At 2:00 in the morning on 25 January 1995, Boston police officer Kenny Conley was chasing a shooting suspect who climbed over a chain-link fence. An undercover officer named Michael Cox had arrived on the scene moments earlier, but other officers had mistaken him for a suspect, assaulted him from behind, and brutally beat him. Conley chased the suspect over the fence and apprehended him some time later. In later testimony, Conley said that he ran right past the place where Cox was under attack, but he claimed not to have seen the incident. The investigators, prosecutors, and jurors in the case all assumed that because Conley could have seen the beating, Conley must have seen the beating, and therefore must have been lying to protect his comrades. Conley was convicted of perjury and obstruction of justice and was sentenced to thirty-four months in jail.
This is obviously a US case, but courts around the world have difficulty with “evidence”. There’s a long list from the UK I’m aware of – Nico Bento being the classic, in which the very evidence that should have secured his acquittal was turned to the damning piece. This involved a judge and jury being asked not to believer their own eyes but the cock-and-bull of an “expert” already discredited elsewhere.
Kenny Conley is more likely a decent cop doing his job with some bravery than some in the UK public eye recently. The matter is reported in the journal i-Perception –
This journal has much about it I would commend, notably that it is free to read and freely available – a model our public affairs should follow.

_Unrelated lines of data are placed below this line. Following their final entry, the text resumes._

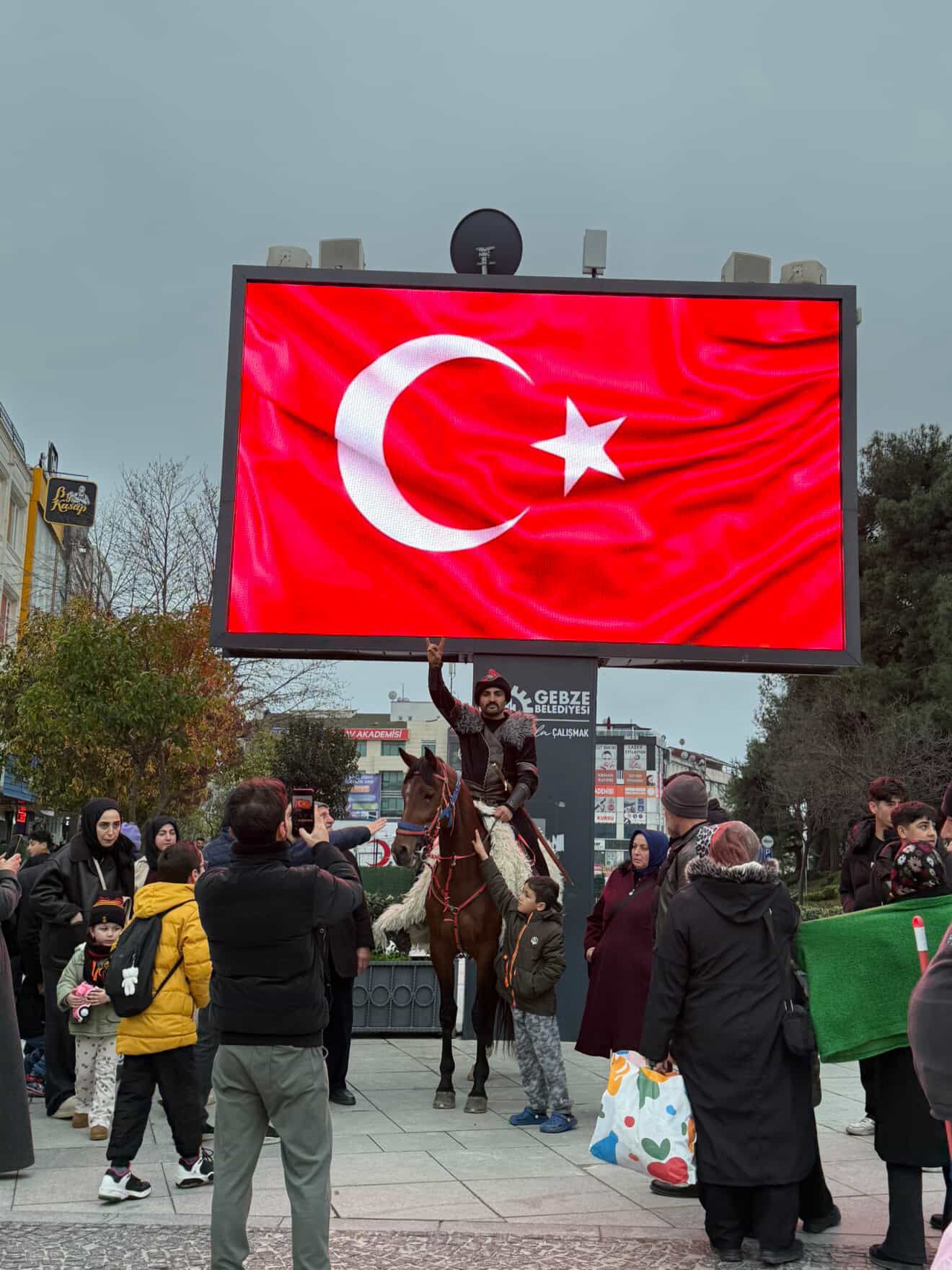 Summani Yılmaz, atıyla geldiği Gebze Kent Meydanı'nda vatandaşların büyük ilgisi ile karşılaştı. Türk Bayrağı önünde, at üstünde bozkurt işareti yapan Yılmaz'ı onlarca kişi görüntülemek için birbirleriyle yarıştı.
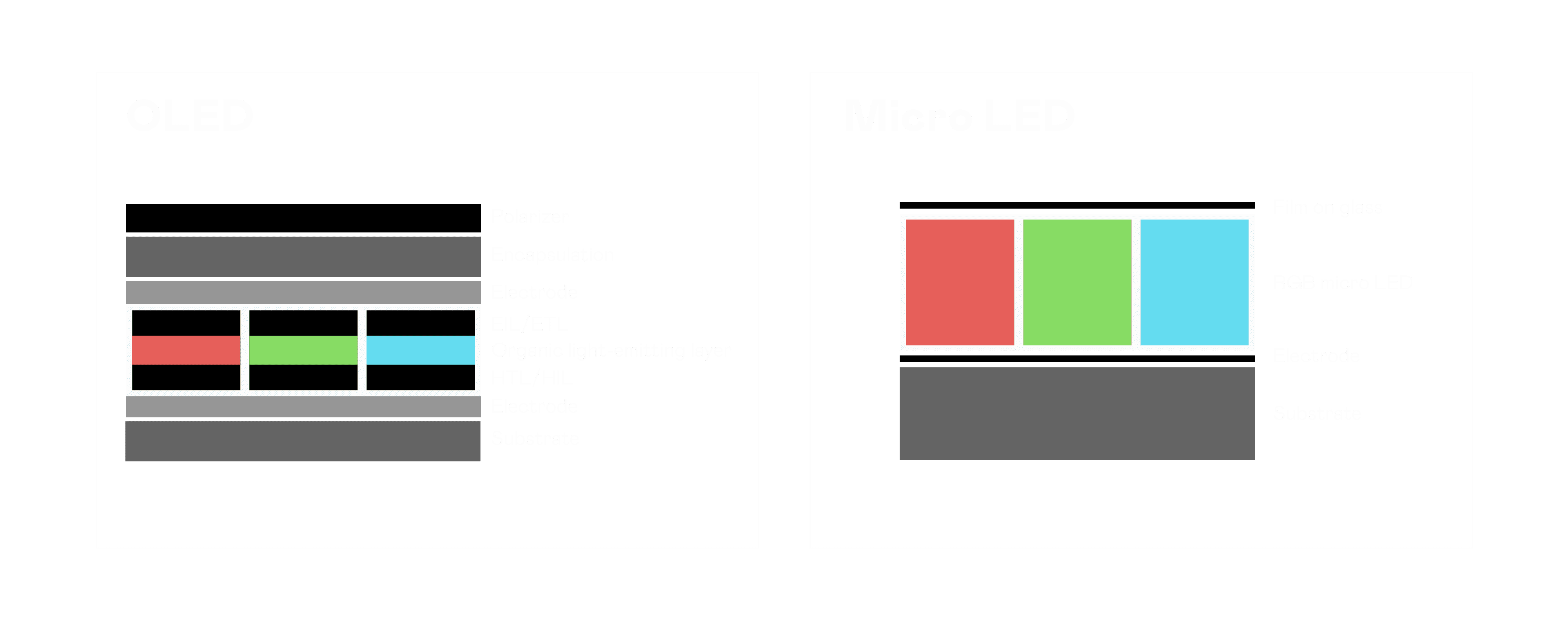 以 LED 做为显示画素,,,,可让 LED 的发光效率发挥到极致,,从而让显示器具备优异的亮度表现,,,不论是在户外或室内,,,,均具备出众的显示效果。。。。同时,,,,与使用有机材料的 OLED 相比,,LED 具备更稳定、、、、寿命更长的特性,,,不仅不会有画面烙印问题,,,,而且更不容易出现故障、、、、坏点。。。
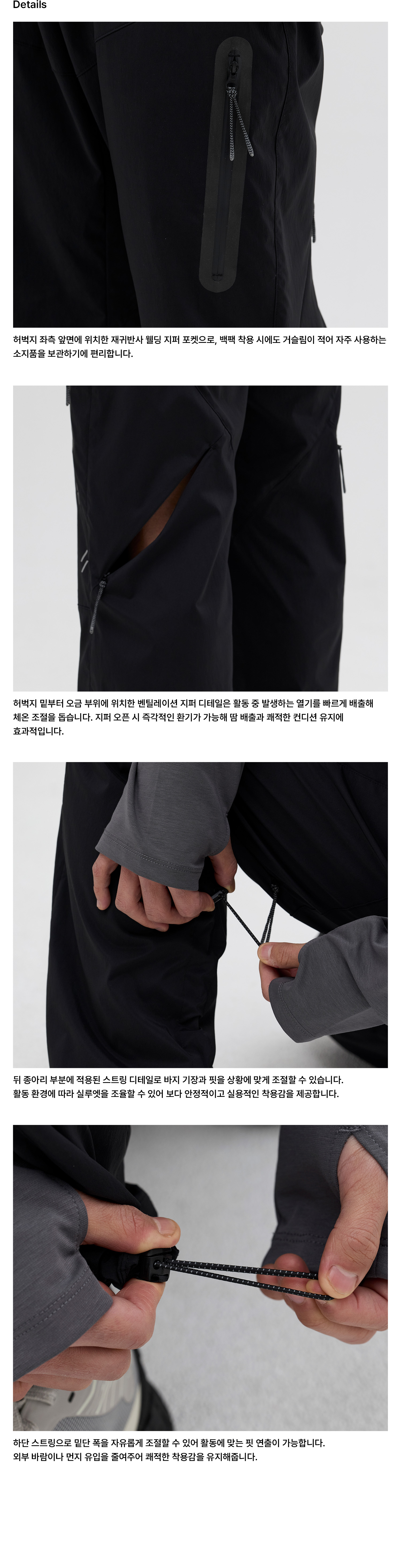 허리 조절 벨트와 지퍼 포켓 디테일로 실용성을 높였으며, 벤틸레이션 지퍼를 적용해 통기성을 강화해 활동 중에도 쾌적한 착용감을 유지합니다.
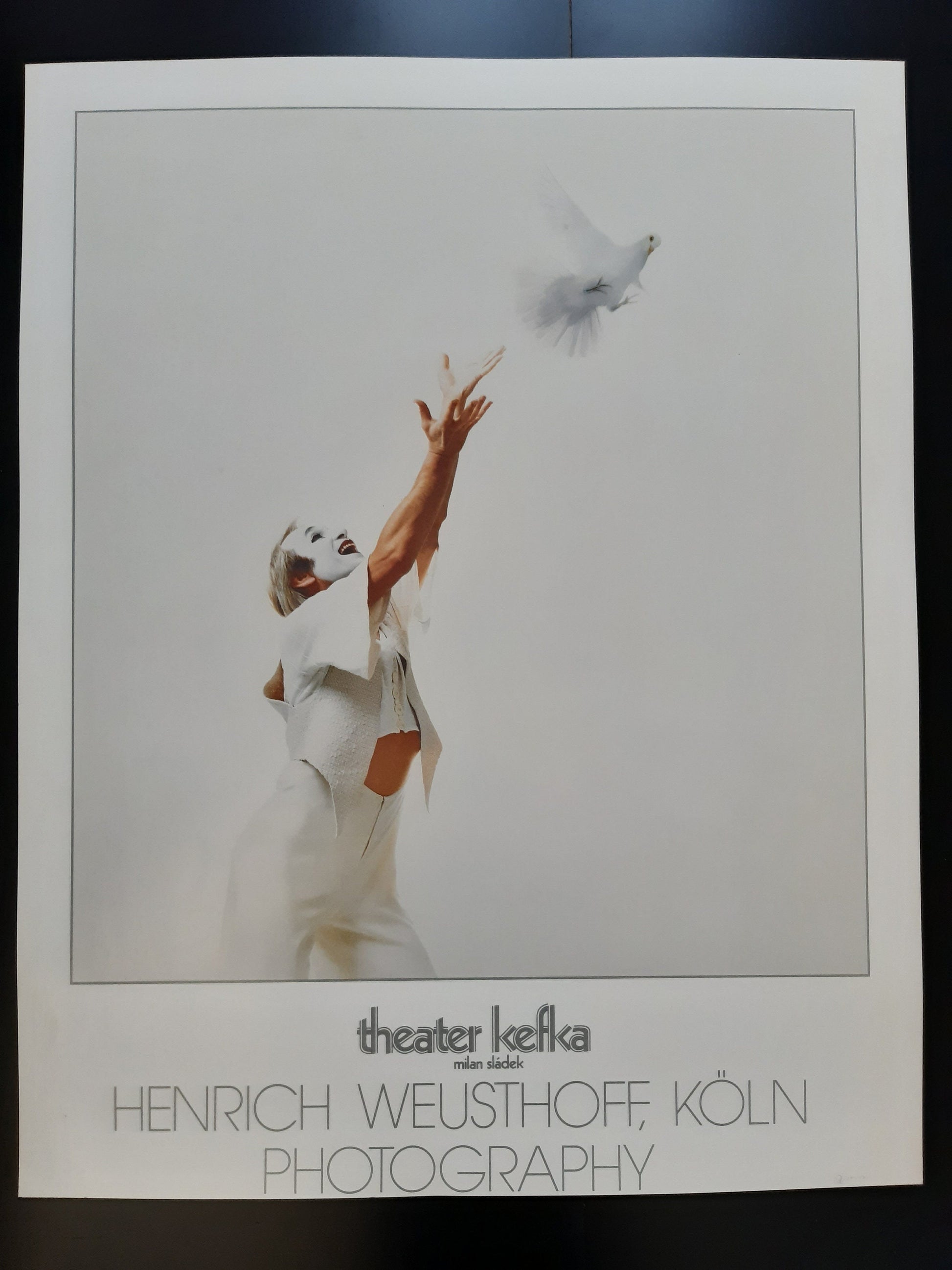 This is an original art poster featuring a photographic art work by Henrich Wuesthoff. The model is Milan Sládek (* 23 February 1938 in Streženice, today Slovakia) is a mime, director and author. The artist, who lives in Cologne, became known through the artistic figure Kefka, which he embodies.

Our court systems rely on concepts of evidence that are very dated. Decisions on fact are essentially taken by lay people – magistrates and juries. This might be a good thing, given some of what is emerging on “expert” decisions in the Crown Prosecution Service and seeps out on bureaucratic manipulations in the like of Baby P, though the same flaws are present in our court rooms because what can be presented in court is severely limited by cost, representation and ‘legal rules’.
Human history is not one in which many people have shown much notion of what real evidence is. In this case, it isn’t so much that the academics have established that it is quite likely that we might well not see and incident whilst focused on another, but that courts are making decisions on what they cannot know as though they could and prepared to send people to jail on that basis. Many questions spring up, including that if this can happen to a cop with representation, what else might be going on in cases with no representation?
I feel for Kenny, having been in a similar situation. The point really though is that the time for our courts to be subjected to proper public scrutiny is long overdue – and this needs to be scrutiny beyond that of superior courts. I gave evidence that wasn’t quite true in order to both tell the truth and defend an officer doing his job. Other officers present lied that they could not see the incident, something easily disproved in an recreation (there wasn’t one). I was some distance further away and arresting someone else – they were, in fact, just watching and the idle and incompetent of many other incidents.
Our courts have been pretending on evidence for centuries. Our legal system is based on fictions and in no way approaches scientific criteria on evidence – it could not entirely of course. What really worries me about Kenny’s case is that we would send a man to jail in the belief he was lying about the fact that he could have given evidence, with no one bothering to find out whether anyone was likely to have been able to.
One cannot read i-Perception and conclude anyone was likely to be able to give the evidence Kenny was assumed to have been able to witness. Yet we assume all kinds of worthies can’t see the blatant corruption around them in Baby P, Parliamentary expenses and in hiring a bent forensic expert who lies to court (Bento) or in CPS decision-making on Harwood and in failing to disclose on undercover officers etc. All these worthies are clearly more guilty than Kenny, even if he did see the fight. Unlike the nose-in-the-troughs the sharp end appears exposed to the same unfair ‘justice’ as the rest of us.
What about an experiment on whether we would ‘see’ corruption around us? The Establishment knows we do – that’s why Tisdale and the guy who told us which direction the Belgrano was sailing in were prosecuted and why whistle-blowers are treated like lepers.
Kenny Conley eventually won on appeal, though not on the academic research. My own feelings are that it is time to stop the nonsense of magistrates and juries making up their minds on whatever is skewed at them in the weird settings of courtrooms. Could we not come up with a better system of public scrutiny? I don’t really mean new court systems – something systemic that would not have to rely on ‘personal integrity’ or ‘value ethics’ acting in secret?